I decided to select the top 5 major events using the dplyr package for the categories of Injuries, Deaths, Crop Damage, Property Damage. I then used the filtered data to look at the impact of that variable in regards to the event type. Based on which area you live in and which of these weather events are most common, you can use the this report to get a better picture of the health and economic impacts these events have on your community. While Tornados may seem to have the most impact on health, it is split on damages with hail having a larger impact on crops.
Across the United States, which types of events (as indicated in the EVTYPE variable) are most harmful with respect to population health?
Across the United States, which types of events have the greatest economic consequences?
Include Libraries
library(RCurl)
## Loading required package: bitops
library(dplyr)
##
## Attaching package: 'dplyr'
##
## The following objects are masked from 'package:stats':
##
## filter, lag
##
## The following objects are masked from 'package:base':
##
## intersect, setdiff, setequal, union
library(ggplot2)
library(gridExtra)
Read the csv into the workspace
url <- "https://d396qusza40orc.cloudfront.net/repdata%2Fdata%2FStormData.csv.bz2"
download.file(url, "StormData.csv.bz2", method = "curl")
stormdata <- read.csv("StormData.csv.bz2")

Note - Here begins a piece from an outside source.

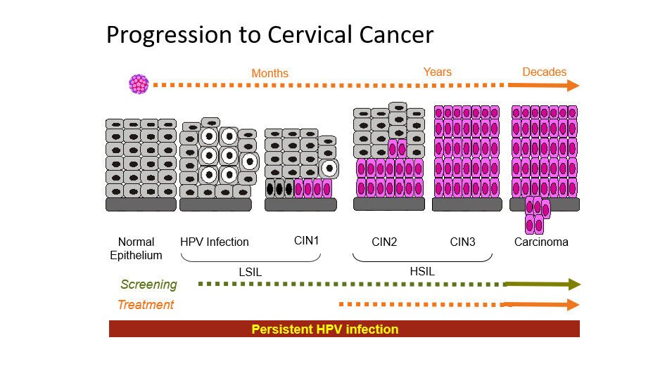 Persistent HPV infection leads to progression from LSIL (Low-grade Squamous Intraepithelial Lesion) to HSIL (High-grade Squamous Intraepithelial Lesion) and eventually carcinoma.

Filter the data to relevent fields using the dplyr package
sdata <- filter(stormdata, FATALITIES > 0 | INJURIES > 0 | PROPDMG > 0 | CROPDMG > 0)
sd <- select(sdata, EVTYPE, FATALITIES, INJURIES, PROPDMG, CROPDMG)
Filtering the data by total deaths
##Use tapply to apply the sum function by event type
t <- tapply(sd$FATALITIES, sd$EVTYPE, sum)
##sort the data from largest to smallest
td<-sort(t, decreasing = T)
##select the top 5 observations
tds <- td[1:5]
##change the vector to a data frame
dff<-as.data.frame(tds)
##Add the row names as columns
dff[,2] <- row.names(dff)
## Add the column names
colnames(dff) <- c("Total_Deaths", "Event")
## Change the total deaths column to numeric
dff$Total_Deaths<-as.numeric(dff$Total_Deaths)
##remove the row names
row.names(dff)<-NULL
##store plot the total deaths
d_plot <- qplot(Event, Total_Deaths, data = dff, main = "Total Deaths from Weather Events", xlab = "Events", ylab = "Total Deaths")
Filtering the data by total injuries
##Use tapply to apply the sum function by event type
t2 <- tapply(sd$INJURIES, sd$EVTYPE, sum)
##sort the data from largest to smallest
ti<-sort(t2, decreasing = T)
##select the top 5 observations
tis <- ti[1:5]
##change the vector to a data frame
dfi<-as.data.frame(tis)
##Add the row names as columns
dfi[,2] <- row.names(dfi)
## Add the column names
colnames(dfi) <- c("Total_Injuries", "Event")
## Change the total injuries column to numeric
dfi$Total_Injuries<-as.numeric(dfi$Total_Injuries)
##remove the row names
row.names(dfi)<-NULL
##Store plot the total injuries
i_plot <- qplot(Event, Total_Injuries, data = dfi, main = "Total Injuries from Weather Events", xlab = "Events", ylab = "Total Injuries")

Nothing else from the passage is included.